Exercise: Your answer must be an exact copy of the listing that follows, with all pictures omitted.

Data block:
☆ ☆ ☆ ☆ ☆
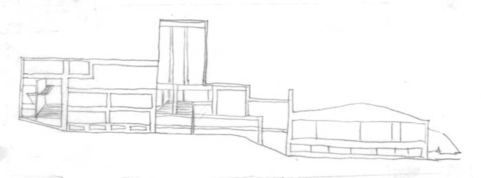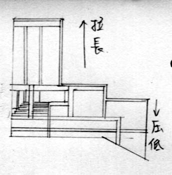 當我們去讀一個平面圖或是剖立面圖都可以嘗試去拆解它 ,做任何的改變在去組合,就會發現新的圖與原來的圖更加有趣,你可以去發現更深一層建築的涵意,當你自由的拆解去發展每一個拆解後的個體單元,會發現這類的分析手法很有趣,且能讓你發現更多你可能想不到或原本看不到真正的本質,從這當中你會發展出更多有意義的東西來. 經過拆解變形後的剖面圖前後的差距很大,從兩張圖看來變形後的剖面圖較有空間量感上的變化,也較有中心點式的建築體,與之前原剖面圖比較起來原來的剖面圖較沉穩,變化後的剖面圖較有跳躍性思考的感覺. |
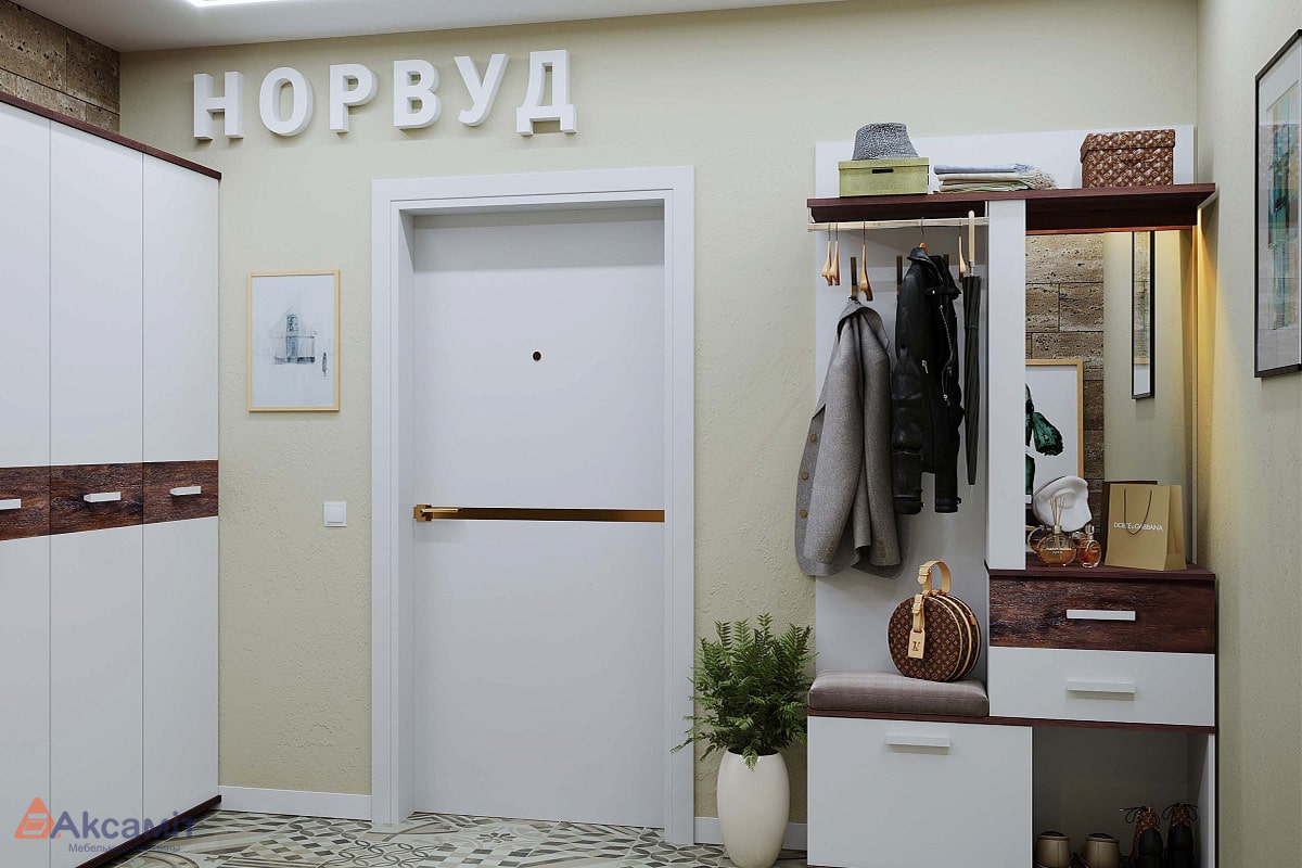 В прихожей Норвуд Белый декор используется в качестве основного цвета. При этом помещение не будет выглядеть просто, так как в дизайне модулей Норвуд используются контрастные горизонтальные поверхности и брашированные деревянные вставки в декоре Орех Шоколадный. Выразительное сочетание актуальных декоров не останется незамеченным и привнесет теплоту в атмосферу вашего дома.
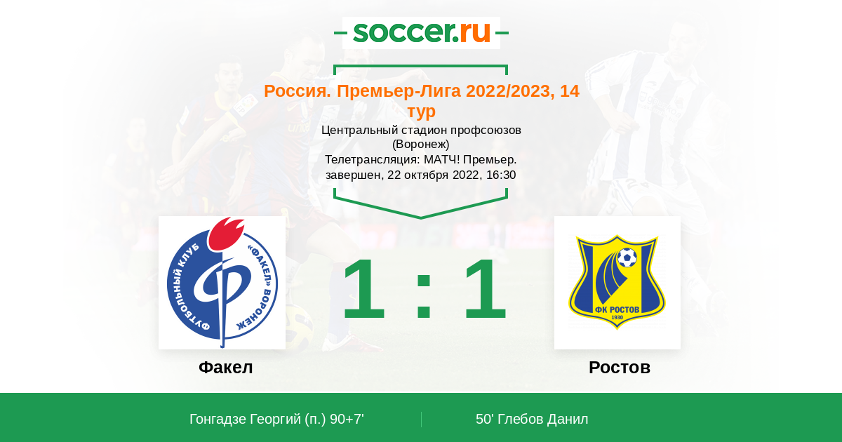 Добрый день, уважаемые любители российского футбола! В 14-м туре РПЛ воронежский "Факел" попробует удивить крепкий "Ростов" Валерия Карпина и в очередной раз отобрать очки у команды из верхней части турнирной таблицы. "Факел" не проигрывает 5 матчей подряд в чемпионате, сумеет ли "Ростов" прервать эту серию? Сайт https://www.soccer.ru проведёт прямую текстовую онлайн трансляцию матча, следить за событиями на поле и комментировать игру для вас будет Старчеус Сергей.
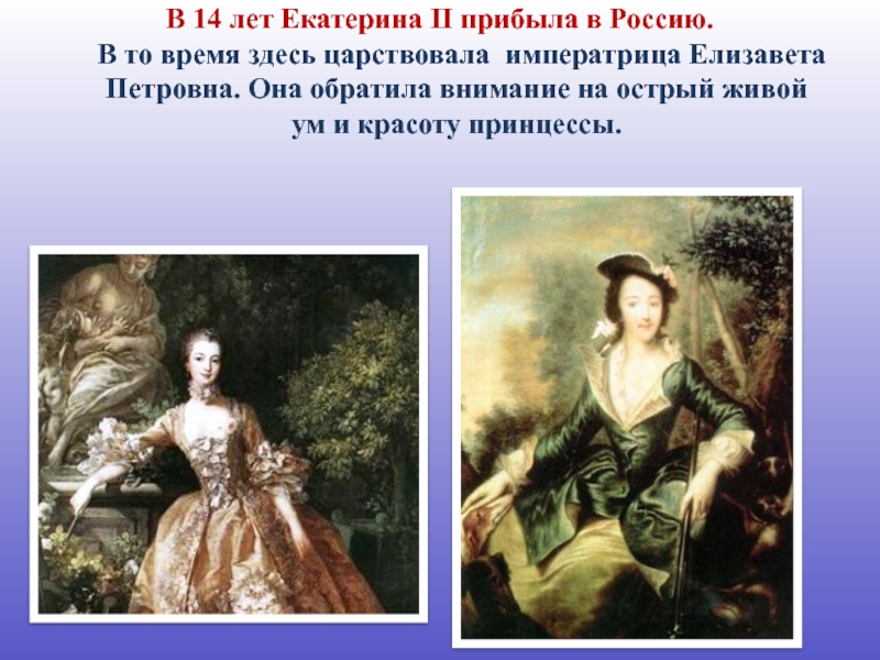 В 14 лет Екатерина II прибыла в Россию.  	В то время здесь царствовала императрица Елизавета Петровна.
☆ ☆ ☆ ☆ ☆
Exercise answer:
 當我們去讀一個平面圖或是剖立面圖都可以嘗試去拆解它 ,做任何的改變在去組合,就會發現新的圖與原來的圖更加有趣,你可以去發現更深一層建築的涵意,當你自由的拆解去發展每一個拆解後的個體單元,會發現這類的分析手法很有趣,且能讓你發現更多你可能想不到或原本看不到真正的本質,從這當中你會發展出更多有意義的東西來. 經過拆解變形後的剖面圖前後的差距很大,從兩張圖看來變形後的剖面圖較有空間量感上的變化,也較有中心點式的建築體,與之前原剖面圖比較起來原來的剖面圖較沉穩,變化後的剖面圖較有跳躍性思考的感覺. |
 В прихожей Норвуд Белый декор используется в качестве основного цвета. При этом помещение не будет выглядеть просто, так как в дизайне модулей Норвуд используются контрастные горизонтальные поверхности и брашированные деревянные вставки в декоре Орех Шоколадный. Выразительное сочетание актуальных декоров не останется незамеченным и привнесет теплоту в атмосферу вашего дома.
 Добрый день, уважаемые любители российского футбола! В 14-м туре РПЛ воронежский "Факел" попробует удивить крепкий "Ростов" Валерия Карпина и в очередной раз отобрать очки у команды из верхней части турнирной таблицы. "Факел" не проигрывает 5 матчей подряд в чемпионате, сумеет ли "Ростов" прервать эту серию? Сайт https://www.soccer.ru проведёт прямую текстовую онлайн трансляцию матча, следить за событиями на поле и комментировать игру для вас будет Старчеус Сергей.
 В 14 лет Екатерина II прибыла в Россию.  	В то время здесь царствовала императрица Елизавета Петровна.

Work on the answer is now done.